From the line with "Samsung RAM-minnemoduler av typen DDR4." to the line with "A few times", retype every line exactly, including those two, and leave out the rest of the data below.

• **Data shown**
━━━━━━━━

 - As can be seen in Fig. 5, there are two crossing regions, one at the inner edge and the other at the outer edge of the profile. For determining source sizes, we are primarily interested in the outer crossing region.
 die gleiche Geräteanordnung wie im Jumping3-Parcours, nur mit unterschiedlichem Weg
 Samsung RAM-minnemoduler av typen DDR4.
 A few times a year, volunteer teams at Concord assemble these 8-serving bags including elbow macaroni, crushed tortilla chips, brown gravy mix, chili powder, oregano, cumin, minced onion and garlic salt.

━━━━━━━━

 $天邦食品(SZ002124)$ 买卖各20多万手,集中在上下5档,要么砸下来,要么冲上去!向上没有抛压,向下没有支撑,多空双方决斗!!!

━━━━━━━━

• **Exercise output**
 Samsung RAM-minnemoduler av typen DDR4.
 A few times a year, volunteer teams at Concord assemble these 8-serving bags including elbow macaroni, crushed tortilla chips, brown gravy mix, chili powder, oregano, cumin, minced onion and garlic salt.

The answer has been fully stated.